Si la radiothérapie demande un appareillage puissant, elle exige aussi une compétence toute spéciale. Les rayons y sont employés avec des doses parfois considérables, car il s'agit ici de provoquer leur effet physiologique, au lieu de l'éviter, comme dans le cas d'un examen radiologique. La radiothérapie ne peut donc être pratiquée que par un médecin spécialiste compétent; elle exige la connaissance approfondie de l'action des rayons sur les tissus, action qui dépend des conditions de l'application, lesquelles sont elles-mêmes très variées.

On peut en conclure que la place de la radiothérapie n'est pas en général indiquée dans les nombreux postes radiologiques normaux faisant partie de l'organisation radiologique d'après guerre, et ne possédant ni la puissance nécessaire ni un personnel suffisamment spécialisé. La radiothérapie se prête plutôt à être centralisée dans quelques services importants munis d'appareils de grande puissance et placés sous la direction de spécialistes éminents. C'est dans ces conditions que la radiothérapie a été pratiquée pendant la guerre, dans les services militaires; son emploi était réservé aux Centres de Physiothérapie du territoire, où l'on envoyait tous les malades susceptibles d'être soignés par cette méthode, qui s'est montrée, en particulier, très efficace pour le traitement de cicatrices vicieuses, d'adhérences, d'arthrites, de névrites consécutives aux blessures, etc.

_Radiumthérapie_.--La radiumthérapie est une technique qui a de grandes analogies avec la radiothérapie, sauf que la source des rayons est en ce cas différente. Les rayons utilisés ne proviennent d'aucun appareil; ils sont émis spontanément par certaines substances nommées _radio-éléments_ qui existent dans la nature, mais qui ne sont connues que depuis peu de temps, car leur extrême dilution dans les minerais qui les contiennent les a fait passer inaperçues jusqu'à leur découverte récente.
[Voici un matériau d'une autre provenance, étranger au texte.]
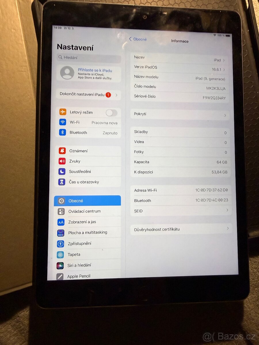 iPad (9th Generation) Wi-Fi + Cellular - [6.3. 2026]Prodám iPad (9th Generation) Wi-Fi + Cellular ve velmi dobrém stavu (téměř nepoužíváno) v originálním balení. Vše je plně funkční, tablet není poškrábán, displej není prasknutý a baterie je díky malému cyklu nabití ve velmi dobrém stavu.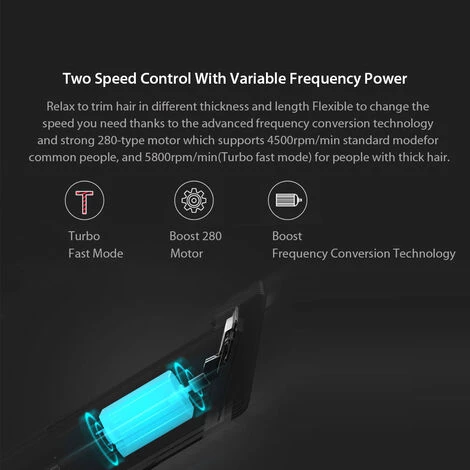 | Xiaomi ENCHEN Boost Tondeuse électrique Chargeur USB Tondeuse à deux vitesses Nano céramique Cutter cheveux charge rapide rechargeable de type C Port pour adultes Enfants Note: Ce produit est un produit de marque de la chaîne écologique Xiaomi, il n’y a pas de traces Xiaomi sur les produits, s’il vous plaît noter qu’il. Traits: – longueur déterminée d’un bouton de 0,7 à 21 mm et le support de réglage d’un seul bouton. – tête de coupe Nano-céramique avec bruit ultra faible, lisse expérience sûre et rapide coupe. – Deux contrôle de vitesse avec une puissance à fréquence variable, prise en charge 4500rpm / min mode standard pour les gens ordinaires, et 5800rpm / min (Turbo mode rapide) pour les personnes avec les cheveux épais. – ESM Soutien système intelligent pour garantir un fonctionnement à grande vitesse, la prévention de la sécurité des cheveux coincé et la charge, la protection de la couche beaucoup, une grande efficacité. – apophyses arrondies en forme de R, une meilleure sécurité et le confort. – 600mAh Grande capacité de la batterie, connecteur de type C universel largement appliqué à Powerbank, ordinateur portable, prise USB et d’autres dispositifs communs. – tête de coupe amovible et lavable – Livré avec indicateur de batterie Spécification: Marque: Xiaomi ENCHEN Modèle: Boost Matériel: ABS Couleur: Noir / Blanc Puissance: 5W Tension: 5 V Temps de charge: environ 120 minutes Batterie: 600mAh Port USB: Type-C Poids: 142g A propos de Taille: environ 43 x 164 mm Poids du paquet: Approx.250g / 3,88 oz Taille de l’emballage: env. 18 * 6 * 6cm / 6,69 * 3,15 * 0.59in Remarque: * Le temps d’utilisation peut varier. * Couleur d’objet peut montrer une légère aberration en raison de lumière différente de prise de vue et l’affichage du moniteur. Le forfait comprend: 1 * USB Tondeuse à cheveux 1 * Câble USB |

Le plus important de ces corps nouveaux est le _radium_, élément découvert en 1898 par Pierre Curie et par moi. Le radium émet des rayons de plusieurs espèces, analogues en tout point à ceux qui sont produits dans une ampoule de Crookes actionnée par un courant de haute tension. En particulier, l'un de ces groupes, les rayons γ, possèdent les mêmes propriétés que les rayons X, mais peuvent atteindre un pouvoir pénétrant encore plus considérable. Ce sont les rayons γ du radium qui sont surtout employés pour la radium thérapie.

La source des rayons étant dans la substance, celle-ci est enfermée dans un tube de verre ou de métal hermétiquement fermé et agit au travers des parois de ce dernier. La puissance du rayonnement du radium étant considérable, quelques centigrammes de ce corps sont capables de produire des effets thérapeutiques importants; ces quantités peuvent donc être contenues dans des tubes de très petites dimensions que l'on peut placer au voisinage ou au contact des tissus malades ou encore à l'intérieur de ceux-ci. Ce dernier mode d'utilisation est spécial au radium et ne saurait être réalisé avec l'aide des rayons X.